Les évènements de la semaine écoulée sont passés en revue (20/3/2011)

-> Voir ici:
Messori passe à table

Nous avons eu déjà l'occasion de parler de cette nouvelle rubrique heddomadaire de la Bussola, où la sagesse, la sérénité, la "force tranquille" communicatives de Vittorio Messori se déploient sans aucun moralisme.
Cette semaine, toujours en réponse aux questions d'Andrea Tornielli, il aborde cinq sujets:
la catastrophe au Japon (et la responsabilité des hommes), la peur du nucléaire (et la politique énergétique des états), les manifestations autour du cent cinquantième anniversaire de l'unité italienne (je n'ai pas traduit cette partie, qui concerne plus la politique intérieure italienne), la déchristianisation de l'Italie, telle qu'elle ressort d'un énième sondage, et finalement, la satisfaction de figurer parmi les auteurs cités par le Saint-Père dans Jésus de Nazareth.
Décidément, à table avec Messori, on se régale avec des plats aussi nourrissants que savoureux.

Article ici: http://www.labussolaquotidiana.it/...

- Cher Victor, nous ne pouvons pas commencer cette nouvelle version de notre "A tavola" sans commenter par ce qui s'est passé il y a une semaine, le tremblement de terre dévastateur au Japon, le tsunami qui a suivi, qui a englouti des villes entières et tué des dizaines de milliers de personnes. Les images qui ont atteint nos écrans sont vraiment terrifiantes. Difficile de ne pas penser à notre caractère mortel. Difficile de ne pas se demander pourquoi Dieu permet tout cela ...

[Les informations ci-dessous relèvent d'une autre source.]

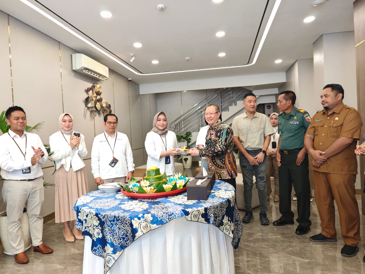 Selanjutnya tamu undangan dipersilahkan masuk ruangan utama kantor BNI Benteng Pancasila dengan nuansa elegan. Warna abu tua yang mendominasi dinding dan mebeler serta lantai nampak makin elegan balutan garis emas yang menempel di dinding.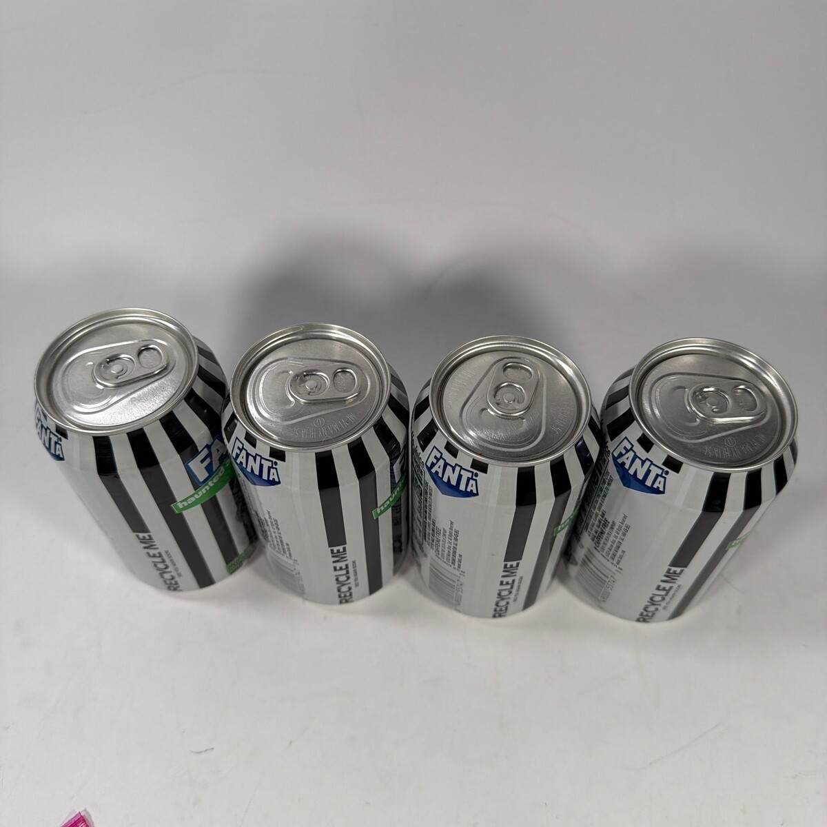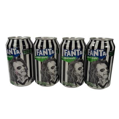 Sealed lot of four limited-edition Fanta Haunted Apple 12 fl oz cans with Beetlejuice-themed artwork. Cans appear unopened and intact, but may have minor shelf wear or small dings from storage/handling.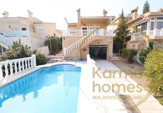 For Sale: Semi-detached villa with private solarium and plot in a gated community with pool in La Campana, Orihuela Costa
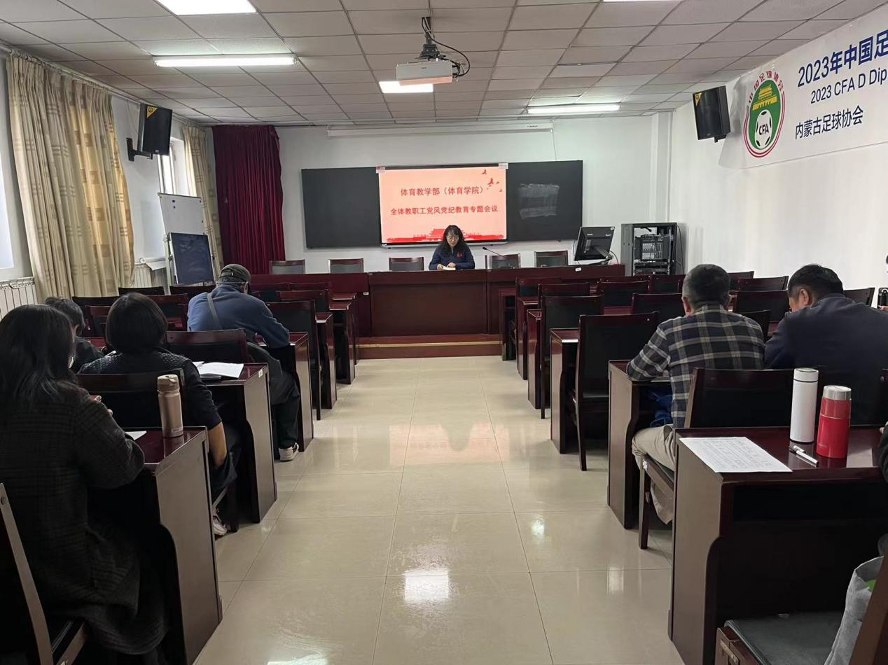 2023年11月2日,bat365正版唯一官网在体育馆二楼多媒体教室组织召开全体教职工党风党纪教育专题会议,会议由学院党委副书记武淑琴主持。

- Eh bien, tu sais, en voyant ces photos et en écoutant les nouvelles, Voltaire m'est venu à l'esprit. Mais oui, celui qui a profité du terrible tremblement de terre de Lisbonne en 1755, pour écrire plusieurs brochures et libelles (le plus célèbre est "Candide" ) pour se moquer de la notion chrétienne de Providence. Il fit semblant de s'en prendre à Leibniz ("tout va pour le mieux dans le meilleur des mondes possibles" ), en réalité, comme d'habitude, il en avait après l'infâme, l'Eglise catholique. Mais quelle sorte de Dieu-Amour est celui dont vous palabrez, demandait-il aux prêtres, s'il permet ensuite de telles catastrophes? Et il était facile de répliquer à ceux qui, comme le célèbre jésuite Gabriele Malagrida , affirmaient que le massacre venait comme une punition pour les péchés des habitants de Lisbonne. Peut-être que ceux de Paris ou de Londres avaient-ils moins péché? Et que dire des innocents, par définition, les enfants, qui eux aussi, ont péri par milliers? répondait ironiquement Voltaire. En réalité, c'est Jésus lui-même qui nous empêche de faire des discours à la Malagrida (entre autres, il finit sur le bûcher de l'Inquisition pour son exagération irresponsable), Jésus, donc, avec sa question, chez Luc: «Ces 18 sur qui tomba la tour de Siloé, croyez-vous qu’ils fussent plus coupables que tous les habitants qui habitent Jérusalem ? Non vous dis-je [c’est Jésus qui parle] ; mais si vous ne vous repentez, vous périrez tous pareillement» — Luc 13:4-5 ".
Bien sûr, il convient de dire que ce que nous appelons un "destin tragique", en attribuant la responsabilité au Tout-Puissant, est en réalité la responsabilité des hommes. Lorsque des catastrophes surviennent, comme celle-ci, je ne peux m'empêcher de penser au Vésuve, l'un des volcans les plus dangereux au monde. Beaucoup plus que l'Etna: ce dernier est "effusif", c'est à dire qu'il se déverse avec des coulées de lave continues, tandis que le Vésuve est "explosif", il peut se taire pendant des décennies, voire des siècles, mais tôt ou tard la pression du gaz piégé fait exploser le couvercle qui s'est formé sur le cratère et la catastrophe est immense. Eh bien, les Napolitains, en particulier dans cette décennie, profitant de l'indifférence de ceux qui devraient assurer le contrôle, ont construit des centaines d'immeubles et de villas presque jusqu'au sommet, et entouré d'habitations pour des centaines de milliers de personnes cette espèce de bombe atomique qui explosera tôt ou tard. ... Permets-moi alors de poser une question, sachant que la charité chrétienne n'a rien à voir l'angélisme de ceux qui sont prêts à tout tolérer: ne sera-t-il pas difficile d'être solidaires des Napolitains, de pleurer sur leur sort quand (et cela arrivera, c'est une loi physique), la catastrophe se produira? Certes, celui qui a construit une maison avec vue panoramique sur le cratère, au mépris non seulement de toutes les lois, mais aussi de tout bon sens, ne peut pas s'insurger contre le ciel qui permet de telles choses ...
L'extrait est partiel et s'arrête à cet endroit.